WHAT THE EXERCISE ASKS — For this exercise, retype the lines from the one that holds "具体设计为:材料选用ABS;" through the one that holds "features. | |||" in the records below, both included, exactly and without pictures.

SUPPLIED MATERIAL —

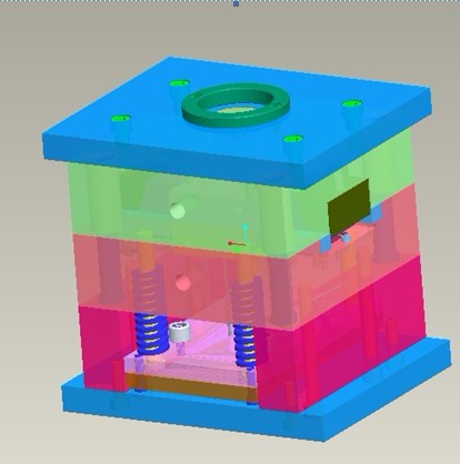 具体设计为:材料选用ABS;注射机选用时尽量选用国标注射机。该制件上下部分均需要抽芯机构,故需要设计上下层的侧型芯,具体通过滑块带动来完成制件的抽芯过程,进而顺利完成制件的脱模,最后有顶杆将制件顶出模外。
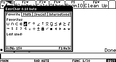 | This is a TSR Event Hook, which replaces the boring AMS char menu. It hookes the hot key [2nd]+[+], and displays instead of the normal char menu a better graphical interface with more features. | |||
---
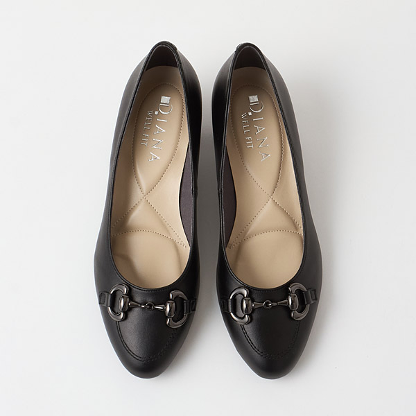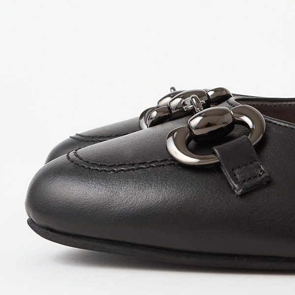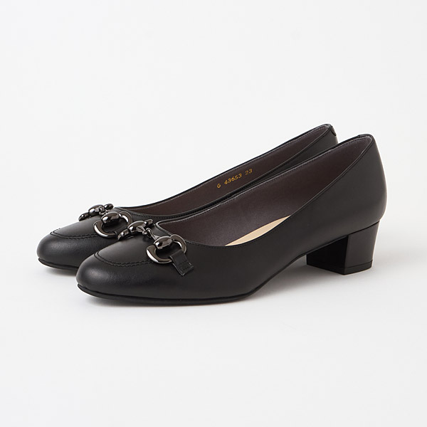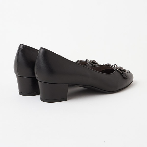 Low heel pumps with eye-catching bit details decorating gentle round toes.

RESPONSE BELOW —
 具体设计为:材料选用ABS;注射机选用时尽量选用国标注射机。该制件上下部分均需要抽芯机构,故需要设计上下层的侧型芯,具体通过滑块带动来完成制件的抽芯过程,进而顺利完成制件的脱模,最后有顶杆将制件顶出模外。
 | This is a TSR Event Hook, which replaces the boring AMS char menu. It hookes the hot key [2nd]+[+], and displays instead of the normal char menu a better graphical interface with more features. | |||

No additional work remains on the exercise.